• [What the task requires]: Output the lines of the records exactly, from the first through the one containing "どれもワンちゃんの食器の「ぬめりが取れる!」ことに特化したアイテムです。". Omit all pictures.

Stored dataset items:
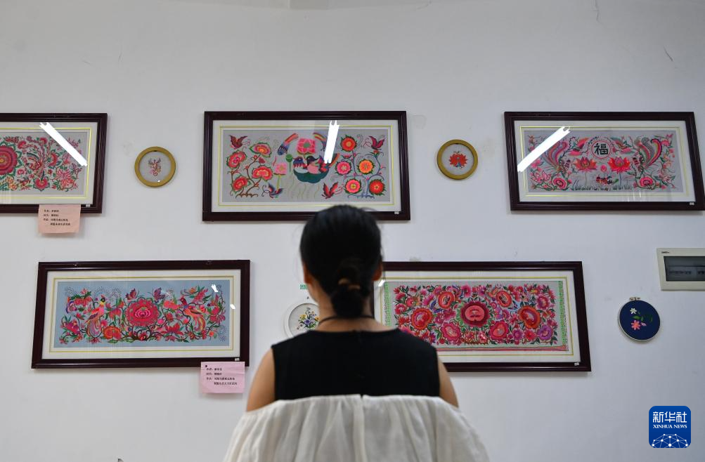 凌漫麗在田東縣義圩鎮七里刺繡基地展示她和村民制作的工藝品(8月20日攝)。
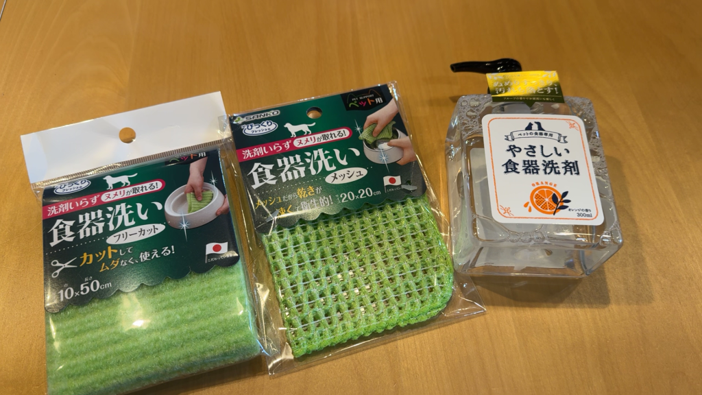 どれもワンちゃんの食器の「ぬめりが取れる!」ことに特化したアイテムです。
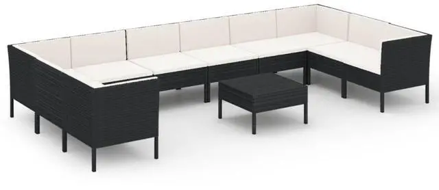 This 11-piece garden lounge set is just what you need for your outdoor area. It's comfy and stylish, perfect for chilling out and chatting with friends. Made of weather-resistant PE rattan, this modular seating solution is great for balconies, sunrooms, or gardens, while offering plenty of seating for any occasion.
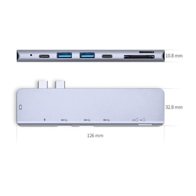 Denne USB-C-hub udvider din MacBook med en HDMI-port, en PD-port, en USB-C-port, 2 USB 3.0-porte og en SD/TF-kortlæser. Stabil dataoverførsel gør dit arbejde lettere.
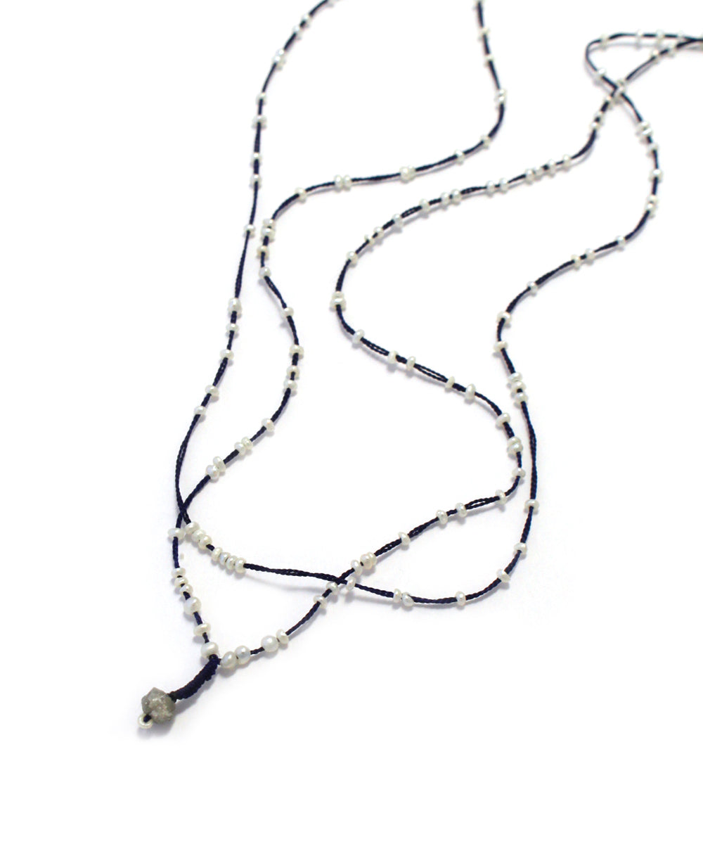 ホワイトのケシパールとグレーダイアをシルクコードに通したロングネックレス。ナチュラルな雰囲気で着けられるアイテムです。
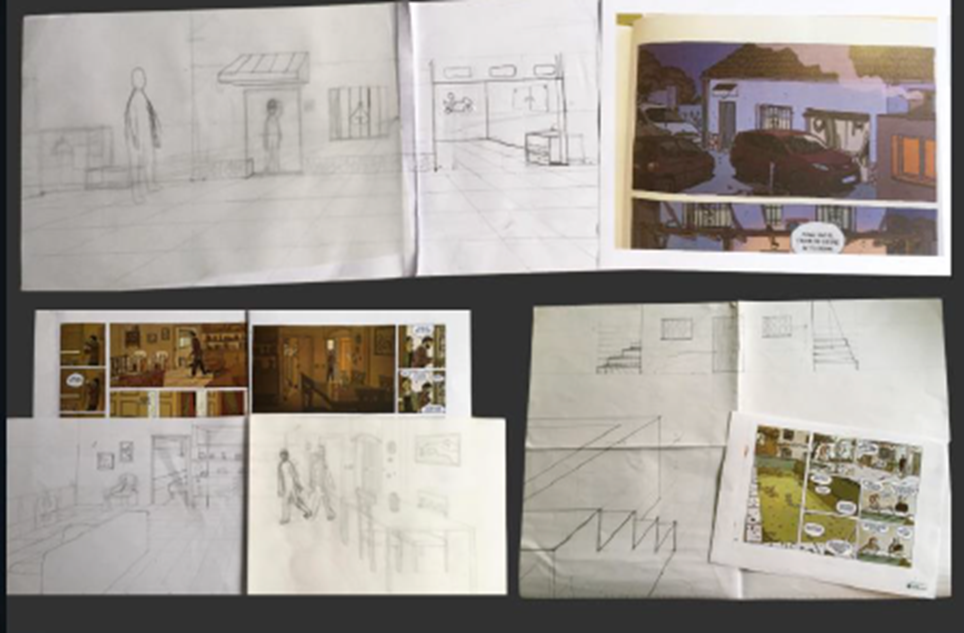 Para cambiar un poco la forma de impartir la perspectiva cónica, hemos pasado de crear cubos en el espacio con el punto de fuga y el de distancia, a crear el decorado de una animación. El proyecto nace de la adaptación de la novela gráfica «Arrugas» (2007), de Paco Roca, a animación para la gran pantalla en el 2011. Del mismo modo, pensamos pasar de la imagen fija del cómic a una animación. Al crear el decorado partiendo de las imágenes del cómic, debemos encontrar el punto de fuga, comprender el espacio completo y amueblarlo; dibujar estos elementos al tamaño adecuado según la perspectiva, y luego, al animar a los personajes, deben ir cambiando la escala de los mismos, teniendo en cuenta si se acercan al espectador o se alejan. Se pretende conocer el entorno de la animación, donde los elementos que se van a mover no aparecen en el fondo, sino que los dibujamos en el papel cebolla, que transparenta el fondo y permite ver cómo los personajes avanzan fotograma a fotograma. Es una aplicación práctica distinta, que permite conocer a un gran artista español de la novela gráfica múltiples veces premiado, vinculando el dibujo con la lectura, y una aplicación del dibujo técnico en el campo del arte y la cultura.

• [Your solution]:
 凌漫麗在田東縣義圩鎮七里刺繡基地展示她和村民制作的工藝品(8月20日攝)。
 どれもワンちゃんの食器の「ぬめりが取れる!」ことに特化したアイテムです。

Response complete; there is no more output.